I have a confession to make. In the past, I’ve been really hard on myself. Expected more of myself than anyone can actually do. And then I’d collapse in exhaustion. It’s happened at least a few times in my life.
To the point where I’ve made myself sick.
That’s why the idea brought forth in Ben and Ros Zander’s book “The Art of Possibility” was so appealing – give them an A. I talked about it in Episode 072. What they mean is to extend grace toward other people – assume the best from them to take the pressure of performance off. And in so doing, actually get better and more human results than you otherwise would.
And somewhere buried in that chapter is a mention that we ought to extend this to ourselves too. Give ourselves an A. Give ourselves the benefit of the doubt. Assume the best. Before we actually do anything.
I don’t know about you, but I’ve sometimes had a hard time doing this for myself. Even though I know I’m a child of God. Even though I know I don’t need to earn His favor. Even though I have all the love I could ever ask for.
Are you like that too? Has it been like with me, kind of an up and down thing? Where sometimes you accept and love yourself, and sometimes…well…not so much?
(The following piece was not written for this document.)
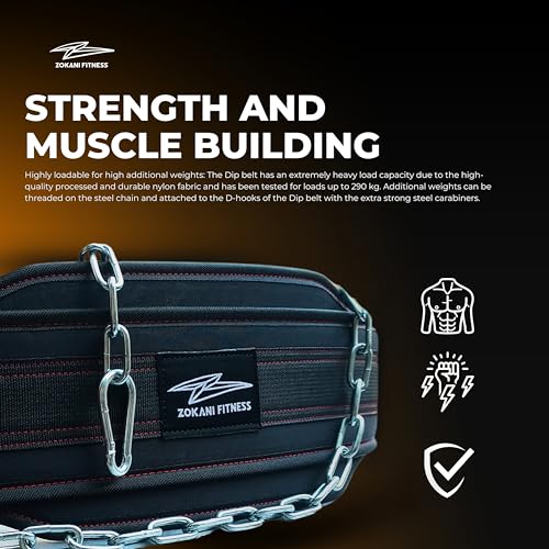 Hold weights up to 800lbs Zokani Dip Belt with Chain for Heavy Weightlifting Exercises,Squats, deadlifts, pull Up Weight Belt, Dipping Belt, Men and Women Training Strength Dip Weightlifting Belt
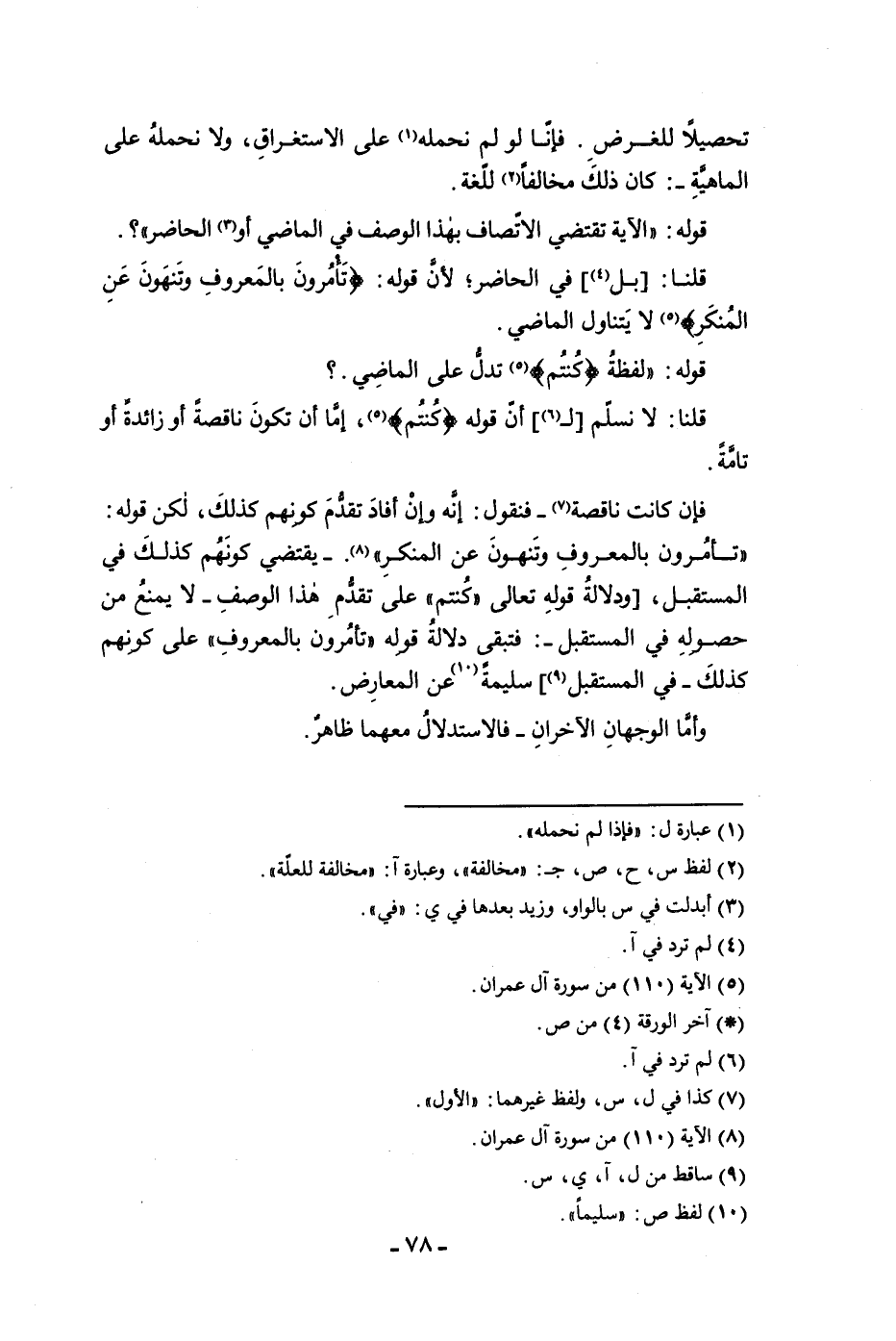 قلنا لا نسلم ل أن قوله كنتم إما أن تكون ناقصة أو زائدة أو تامة فإن كنت ناقصة فنقول إنه وان أفاد تقدم كونهم كذلك لكن قوله تأمرون بالمعروف وتنهون عن المنكر يقتضي كونهم كذلك في المستقبل ودلالة قوله تعالى كنتم على تقدم هذا الوصف لا يمنع من حصوله في المستقبل فتبقى دلالة قوله تأمرون بالمعروف على كونهم كذلك في المستقبل سليمة عن المعارض وأما الوجهان الآخران فالاستدلال معهما ظاهر

Where you maybe talk to yourself the way you’d never want anyone else to talk to you? And you certainly wouldn’t ever talk to anyone else like that?
Well, it turns out that we can actually only give love as much as we’re willing to accept it. We can only give help as much as we’re willing to accept it too. Brene Brown says this in “The Gifts of Imperfection”:
Until we can receive with an open heart, we are never really giving with an open heart.
Boy. That kind of lays it all out there, doesn’t it. One sentence cuts right to the quick. Then she digs in even harder and says this,
Understanding the difference between healthy striving and perfectionism is critical to laying down the shield and picking up your life. Research shows that perfectionism hampers success. In fact, it's often the path to depression, anxiety, addiction, and life paralysis.
I want to give myself an A. I want you to give yourself one too. And though Brene says it differently, she believes it’s the healthiest thing you could do. It opens you up to all kinds of possibilities. It allows you to see what you could do when the pressure’s off. When you get to play and have fun. When you come fully alive.
Imagine the joy when you get a report card filled with A’s! Then all you have to do is find possibilities – ways that could help you live up to the reputation you already have.
That’s what I’m going for. I hope you do too. Leave a comment to let me know what you want to give yourself an A on right this minute. It might be something you’re struggling with – or something you are confident you can do exceptionally well. Whatever it is, imagine how you’ll feel when you see a huge A in green with a smiley face. And then go out there and do what’s possible.